Real Estate and Construction
Residential real estate remained the same as last cycle. Listings continued to hit the market while buyer reservations continued amid economic uncertainty and elevated interest rates. Multiple agents noted the homes that were selling were priced correctly and move in ready. A Virginia agent noted that buyers were willing to shop around for better interest rates and lender benefits. Gas prices were impacting brokers as well, with one agent saying that they raised their fees to cover their cost to show homes.

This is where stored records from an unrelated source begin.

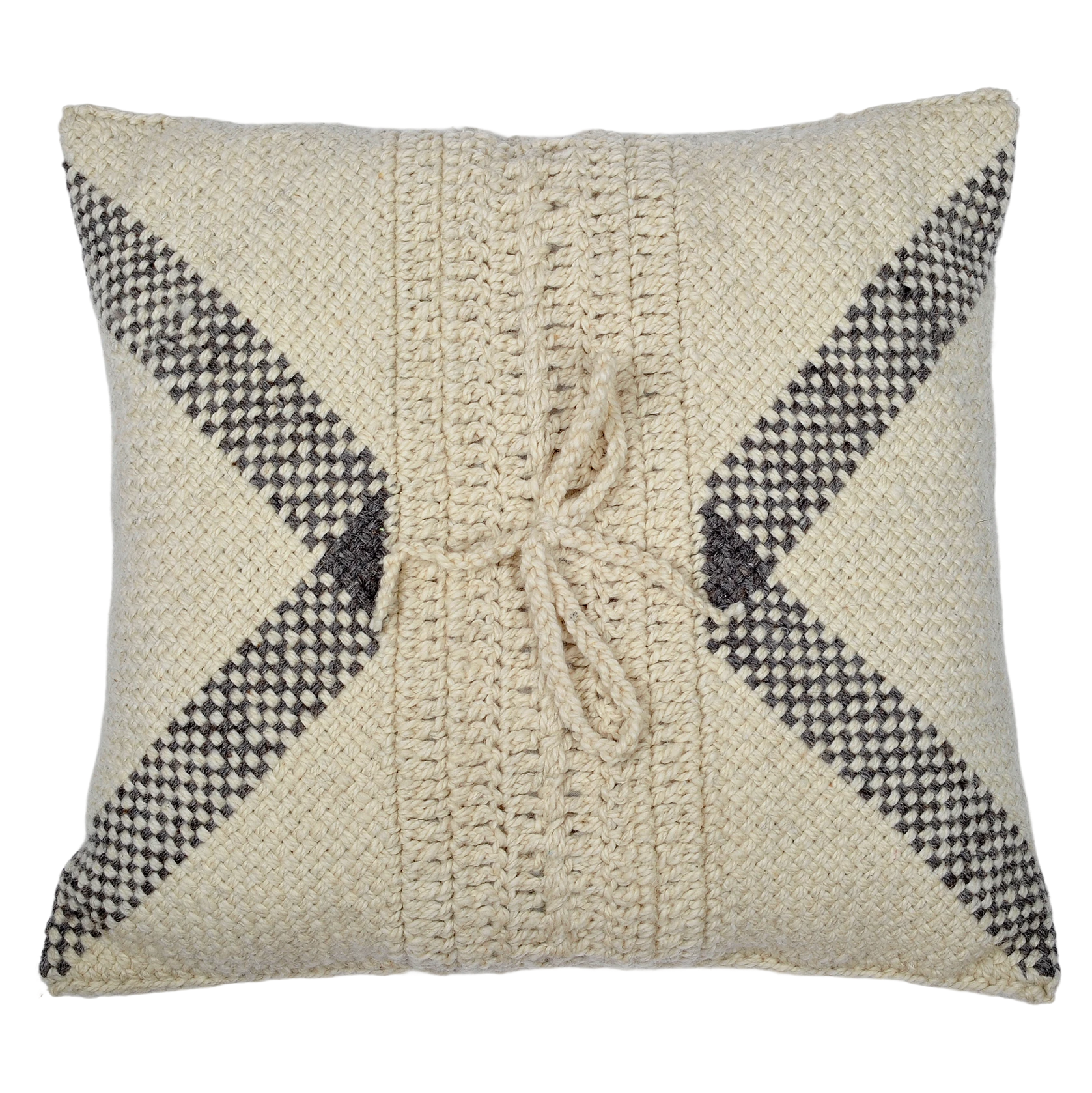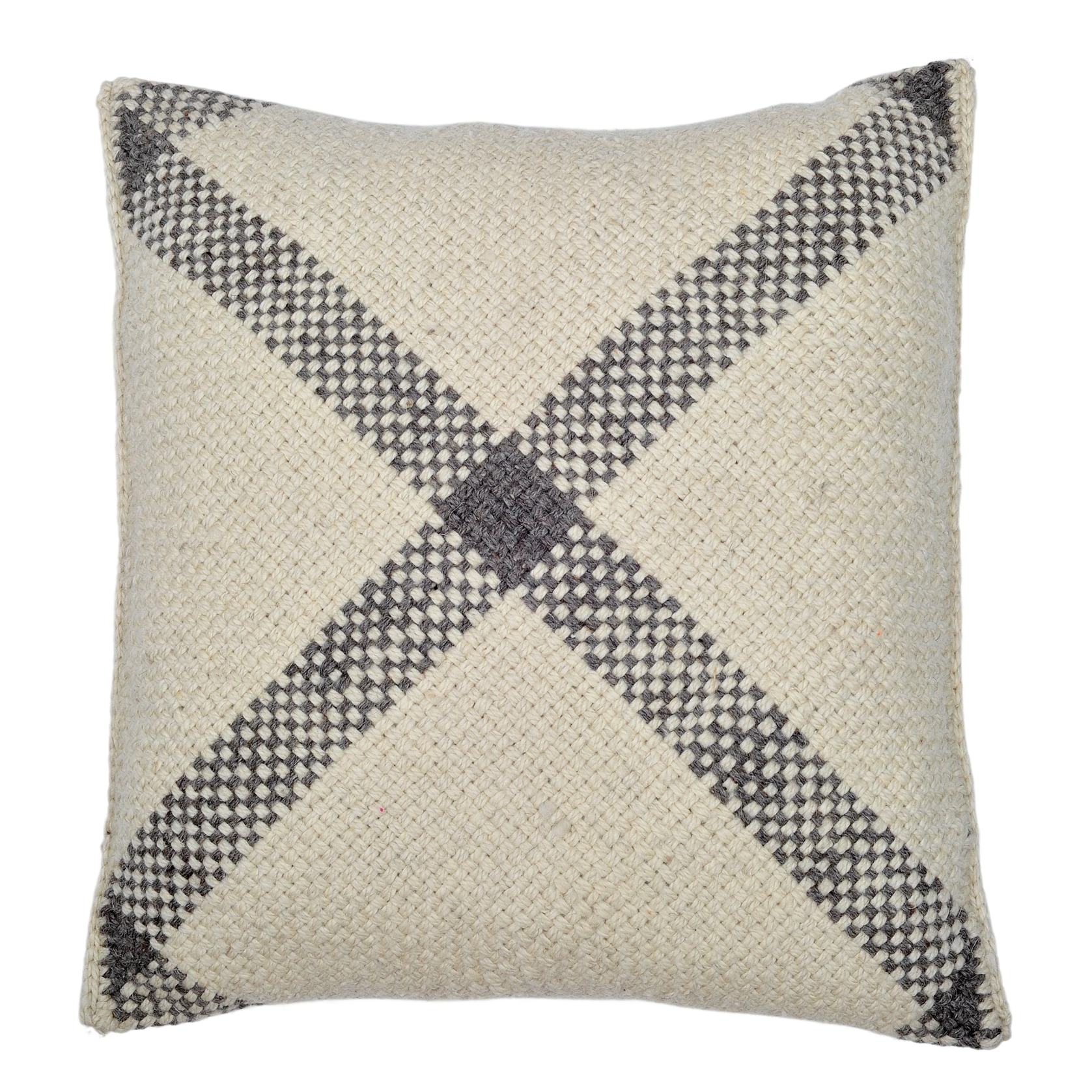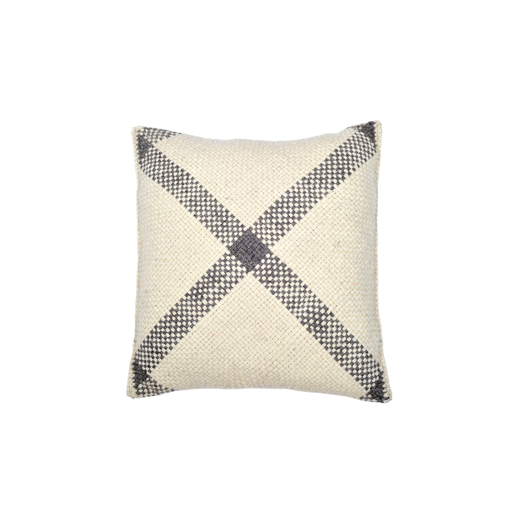 A cushion cover with a simple weave, featuring a handcrafted closure and a subtle grey cross design—adding a clean, modern touch to any space.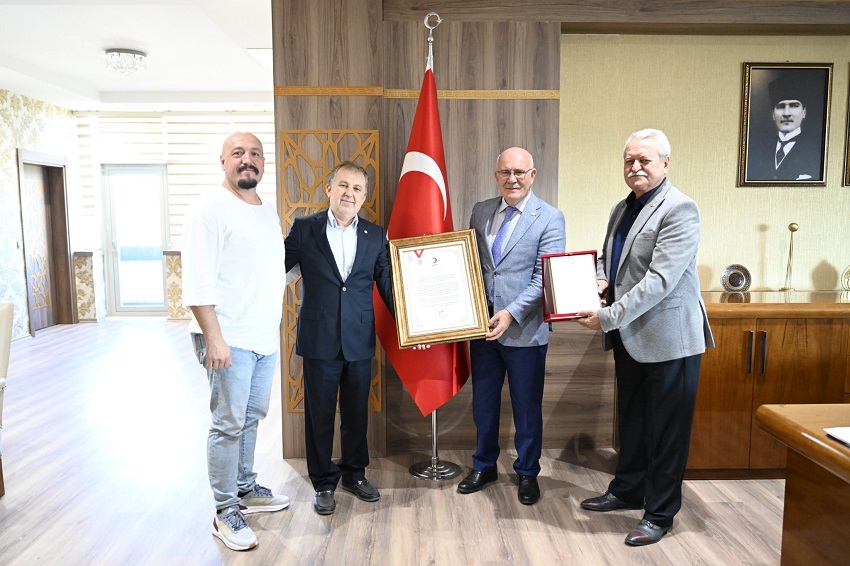 Plaket ve Madalya Beratı, Uşak Kan Bağışı Merkez Müdürü Dr. Umut Bilgin Koçak ve Güney Ege Kan Merkezi Müdürü Dr. Zafer Aydın tarafından Uşak Üniversitesi Rektörü Prof. Dr. Ekrem Savaş’a takdim edildi.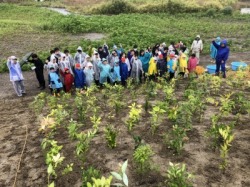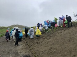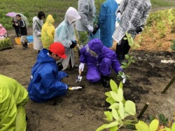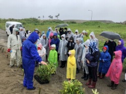 「科学と人間生活」の授業として、川崎第二小学校の児童と合同で千年希望の丘への植樹活動を実施しました。この活動は平成25年度から川崎町で実施している志18年教育「学びの架け橋レインボープラン」の一環として、小学校と連携して行われるものです。また、植樹は公益財団法人鎮守の森のプロジェクトの指導の下で行われました。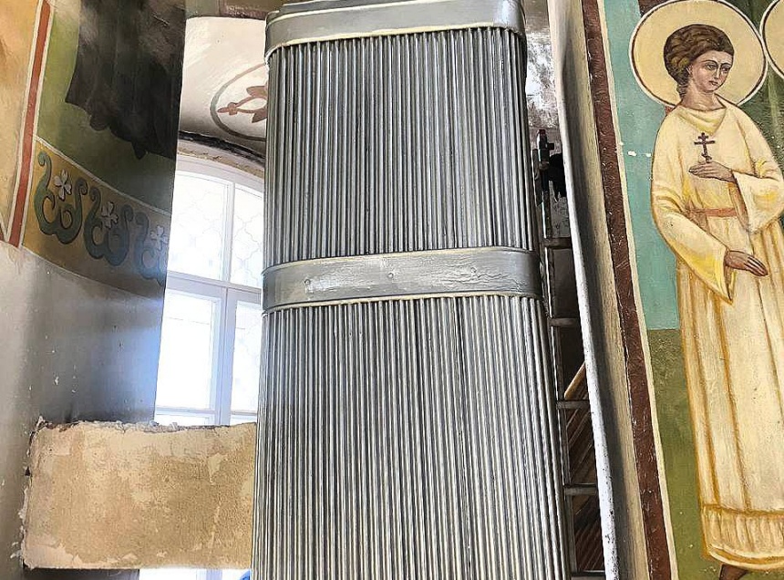 Кроме того, реставраторы уже укрепили фундаменты и кладку фасадов, заменили кровельное покрытие и стропильную систему на кровле, усилили балки колокольни.
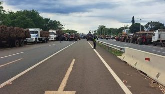Trabajadores de Mauricio José Troche protestan en el km 155 de la ruta PY02 pidiendo solución definitiva sobre tren de molienda paralizado hace dos años.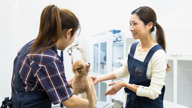 イオンペットでは、グルーマーが技術を最大限に活用できる環境づくりに注力しています。業務改善の一環として、ネット予約の導入や予約電話のコールセンター対応(順次導入中)を進行中です。これによって、グルーマーの技術に集中でき、より良いサービスを提供する環境を整えています。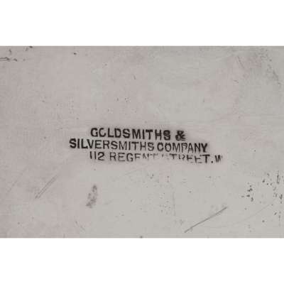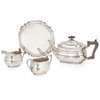 Goldsmiths & Silversmiths Co Ltd, Sheffield 1919/1922, comprising a teapot, twin-handled sugar basin and a milk jug, all of ribbed oval outline, angular handles, raised on an oval foot; together with a waiter, Goldsmiths & Silversmiths Co Ltd, London 1922, with pie-crust border, raised on four scroll feet

Commercial real estate activity remained unchanged. Class A office space and retail remained strong. The medical office market saw continued growth in new facilities. Manufacturing leasing and sales seemed to pause this cycle amid concerns about tariffs and energy prices. Builders in both sectors noted their concerns with oil prices potentially delaying the start of new projects. A broker in Maryland noted a retail client is pushing off re-paving their parking lot this year due to the increase in the cost for asphalt. A Virginia builder noted concerns that if diesel prices stay elevated, they would have to pass those costs onto customers.
Banking and Finance
Financial institutions reported a modest increase in overall demand for loans, primarily in their commercial real estate portfolios and pipelines. Although many businesses were being described as "cautious," they were still moving forward with projects and fulfilling immediate needs. Consumer loan demand remained stable with most activity found within the home equity line of credit portfolio. Institutions reported stable deposit balances with continued rate pressure and competition within markets to gain any increases in deposit levels. Loan delinquency rates continued to remain stable with no changes noted in the credit quality of loan applicants.
Nonfinancial Services
Nonfinancial service providers reported modest growth in revenue and demand for their services, although many continued to note that economic uncertainty still was a top concern of their customers and themselves. A human resources consulting firm reported that they have observed clients factoring this uncertainty into their businesses and have slowed hiring for new roles and projects as a result. The HR firm also noted that their own employees seemed reluctant to leave "something stable" for new opportunities. An architecture design firm noted fuel prices were starting to impact their subcontractors, and they expected if fuel prices continued to move upwards, those trade partners would pass those increases back to them.